The Kerelan food didn’t get me, but the driving nearly did! We were on our way to the wildlife sanctuary of Periyar and the bus driver was flinging us around like we were on a rally. Unfortunately, I had a seat next to the window so I could see how close we were to the sheer drop each time he overtook the car in front on a blind bend. Not being blessed with Mrs Market Maven’s ability to fall asleep on a roller coaster, I distracted myself by reading the whole way with the ipod on full blast.

I only looked up when there was a particularly load blast of the horn.

Thankfully, I had some very good books to get through. Books that have made me come back and look at the markets differently than I did before (after kissing the ground at the end of very bus journey). Do not be fooled by randomness – read these books and see things for what they are.

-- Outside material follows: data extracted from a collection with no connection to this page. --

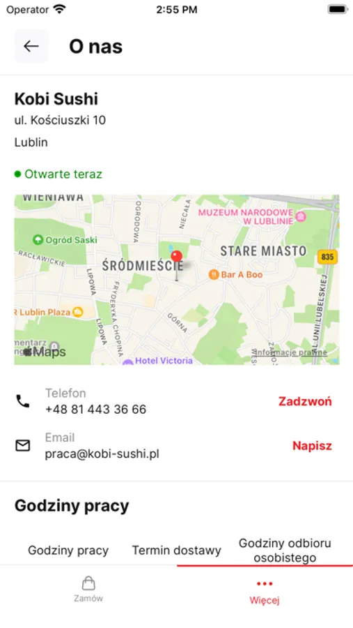 - aktualne menu i promocje
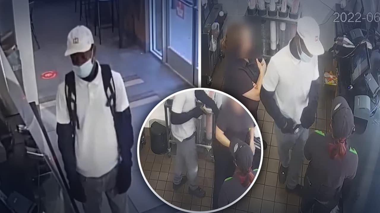 El sospechoso entró al restaurante de hamburguesas y actuó como si fuera a hacer un pedido, justo antes de encañonar a las empleadas y exigirles el dinero de la caja registradora.
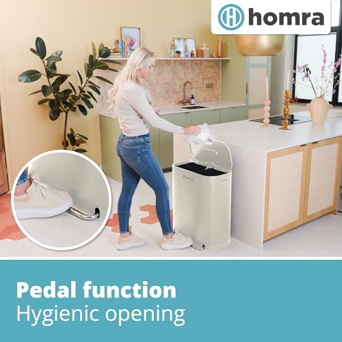 Homra Dual Kitchen Bin 60l – Double Rubbish Bins 2x30l – 2 Compartment Pedal System – Waste&Recycling Separation – Soft Close Design – Inner Buckets with Handles – Stainless Steel – Odour Filter
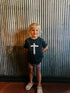 Get your kid looking cool in the Cross Kids Tee! In a sleek charcoal color, this tee is perfect for any little rebel. Made with high-quality materials, it's both stylish and durable. Perfect for playdates or adventures, this tee will have your kid standing out in any crowd. Fits true to size.
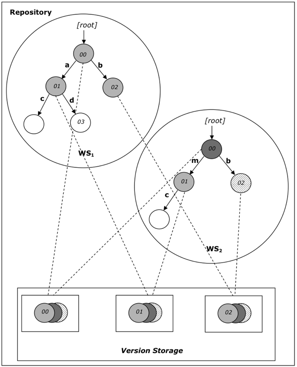 At any given time a particular workspace may hold nodes based on various versions stored in version storage. In the diagram, WS1 holds nodes based on the “light gray” version of the nodes 00, 01 and 02. WS2, in contrast, has nodes based on the “dark gray” version of 00, the “light gray” version of 01 and the “dotted” version of 02.
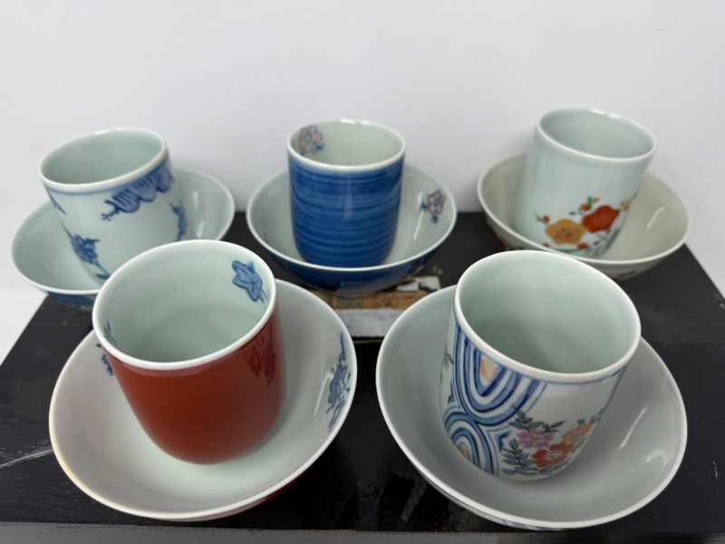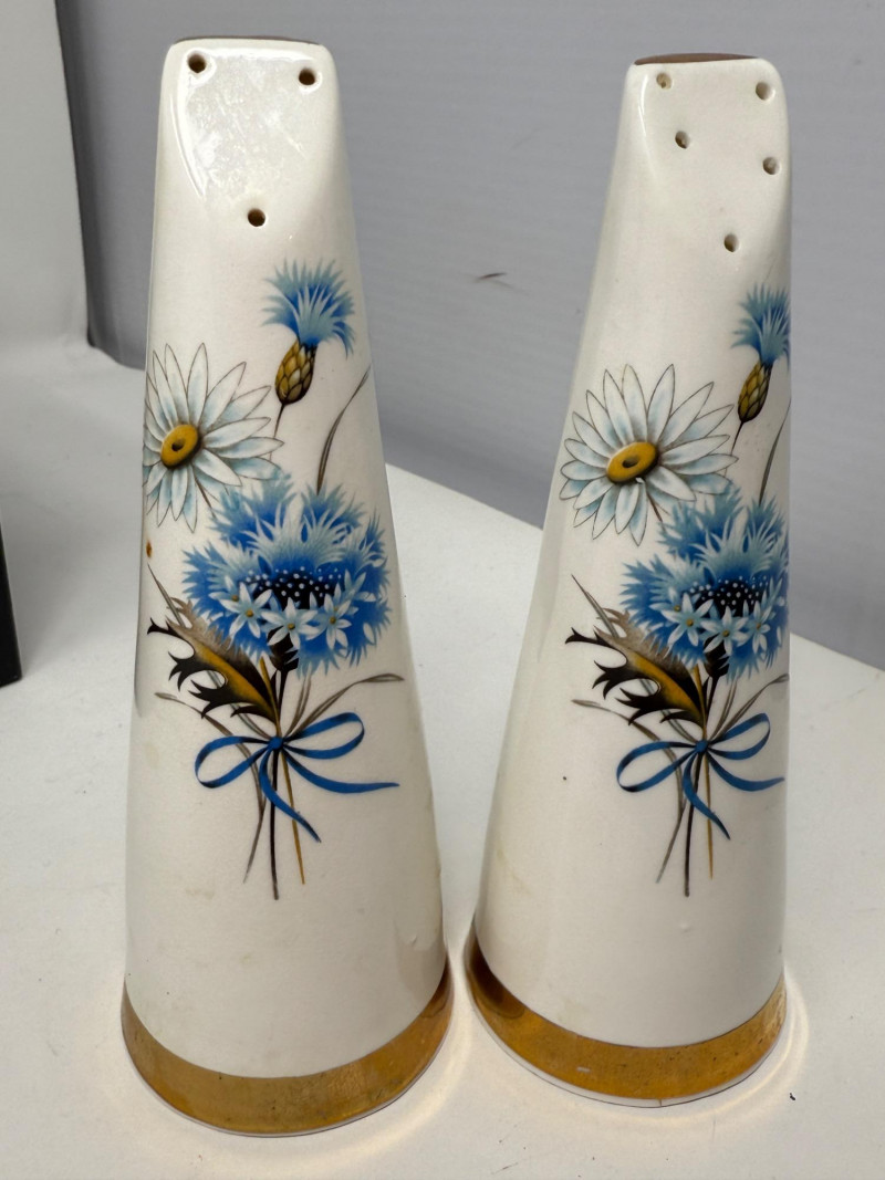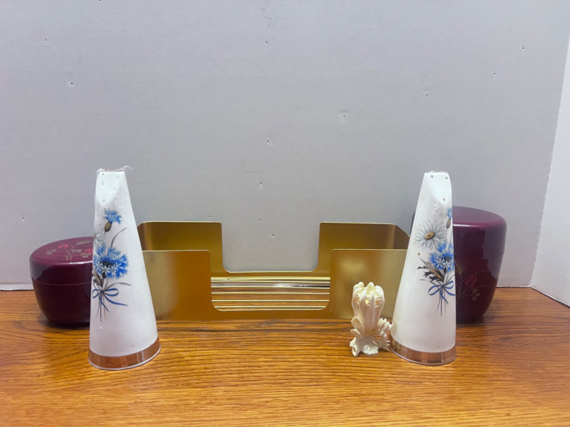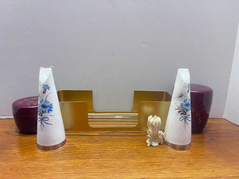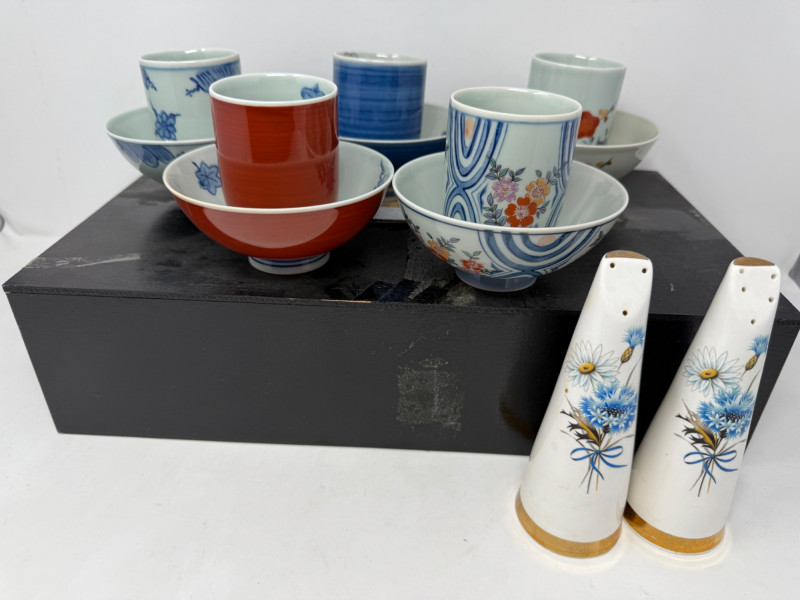 Royal Stuart 6” bone china salt and pepper shaker set 5 Colorful Cup and Bowl Sets in Storage Box carved coral toothpick holder (2) tea caddies.

Fooled by randomness – how the books of Nassim Taleb can aid your trading

For a while I’ve been wanting to read two books by Nassim Taleb, a mathematician, philosopher and above all, trader. He’s written two acclaimed books called Fooled by Randomness – The Hidden Role of Chance in Life and the Markets and Black Swans – The Impact of the Highly Improbable. What makes these books so interesting is that he seems to have predicted the current credit crisis. Taleb’s main argument is that human beings are pretty stupid when it comes to understanding the role of chance in our lives and most importantly in trading.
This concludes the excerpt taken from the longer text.